This remove the percent symbol from the dataset and convert that columns to numeric.
# removing the % sign from the dataset
Marriage_Rates_US$Now_married_Estimate = as.numeric(gsub("\\%", "", Marriage_Rates_US$Now_married_Estimate))
## Warning: NAs introduced by coercion
Marriage_Rates_US$Windowed_Estimate = as.numeric(gsub("\\%", "", Marriage_Rates_US$Windowed_Estimate))
## Warning: NAs introduced by coercion
Marriage_Rates_US$Divorced_Estimate = as.numeric(gsub("\\%", "", Marriage_Rates_US$Divorced_Estimate,))
## Warning: NAs introduced by coercion
Marriage_Rates_US$Seperated_Estimate = as.numeric(gsub("\\%", "", Marriage_Rates_US$Seperated_Estimate))
## Warning: NAs introduced by coercion
Marriage_Rates_US$Never_married_Estimate = as.numeric(gsub("\\%", "", Marriage_Rates_US$Never_married_Estimate))
## Warning: NAs introduced by coercion
In the dataset all the columns name with Margin Error have my symbol, in order for me to be able to utilizing those columns I tidy them by removing them.
Marriage_Rates_US <- Marriage_Rates_US %>% mutate( Total_Margin_Error = str_replace(str_extract(Total_Margin_Error,"\\d+\\D\\d+"),",",""))
Marriage_Rates_US <- Marriage_Rates_US |> mutate( Total_Estimate = str_replace(str_extract(Total_Estimate,"\\d+\\D\\d+"),",",""))
Marriage_Rates_US <- Marriage_Rates_US %>% mutate( Now_married_Margin_Error = str_replace(str_extract(Now_married_Margin_Error,"\\d+\\D\\d+"),",",""))
Marriage_Rates_US <- Marriage_Rates_US %>% mutate( Windowed_Margin_Error = str_replace(str_extract(Windowed_Margin_Error,"\\d+\\D\\d+"),",",""))
Marriage_Rates_US <- Marriage_Rates_US %>% mutate( Divorced_Marriage_Error = str_replace(str_extract(Divorced_Marriage_Error,"\\d+\\D\\d+"),",",""))
Marriage_Rates_US <- Marriage_Rates_US %>% mutate( Never_married_Margin_Error = str_replace(str_extract(Never_married_Margin_Error,"\\d+\\D\\d+"),",",""))
Marriage_Rates_US <- Marriage_Rates_US %>% mutate( Seperated_Margin_Error = str_replace(str_extract(Seperated_Margin_Error,"\\d+\\D\\d+"),",",""))

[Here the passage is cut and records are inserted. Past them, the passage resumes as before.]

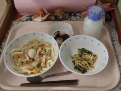 ちゃんぽんうどん・茎わかめとじゃこの香味和え・あずきだんご・ぎゅうにゅう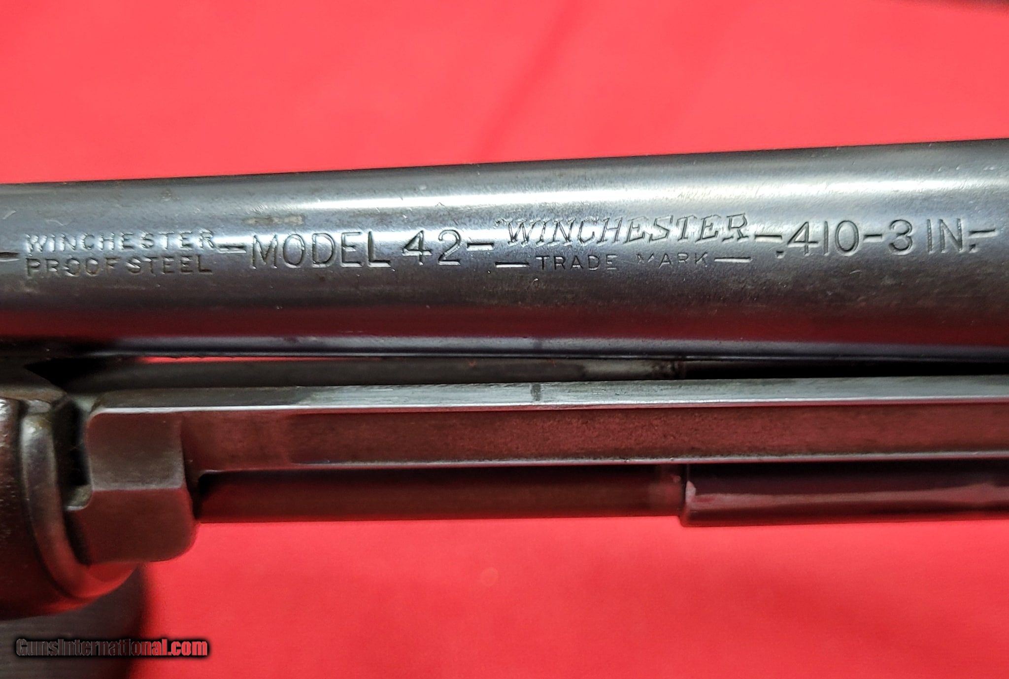Description: Guns Listing ID: 768112 This item is a Winchester Model 42 pump-action shotgun manufactured in 1935. It is chambered in 410GA and is in overall good condition. It has wear consistent with a firearm of this age. Bluing is approximately 80%. SOLD Manufacturer: WINCHESTER Model: 42 Condition: Used - Non-Certified Barrels: 28 BARREL Gauge Info: 410 Finish: WOOD, BLUED STEEL |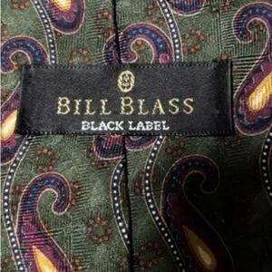 Bill Blass Black Label Green Paisley Necktie 100% Silk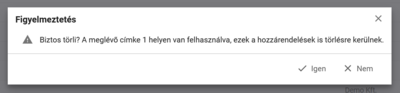 A törlés hatására a címke mind a címkék listájából, mind a hozzárendelt objektumok adatlapjáról törlődik, és ezután már keresési feltételként sem alkalmazható.

This display the dataset with names changing, special characters,
datatable(head(Marriage_Rates_US))
This re-arrange the column then I performed pivot_longer to the part of the dataset I will be using.
# re-arranging the column
Marriage_Rates_US_new <- Marriage_Rates_US[, c(1, 2, 4, 6, 8, 10, 12, 3, 5, 7, 9, 11, 13)]
Marriage_Rates_US_new <-
Marriage_Rates_US_new %>%
pivot_longer('Now_married_Estimate':'Never_married_Estimate', names_to = "Married_Status", values_to = "Percentage_of_Estimate")
datatable(Marriage_Rates_US_new)
ggplot(Marriage_Rates_US_new, aes(y = Total_Estimate, x = Percentage_of_Estimate)) +
geom_boxplot()
## Warning: Removed 10 rows containing non-finite values (`stat_boxplot()`).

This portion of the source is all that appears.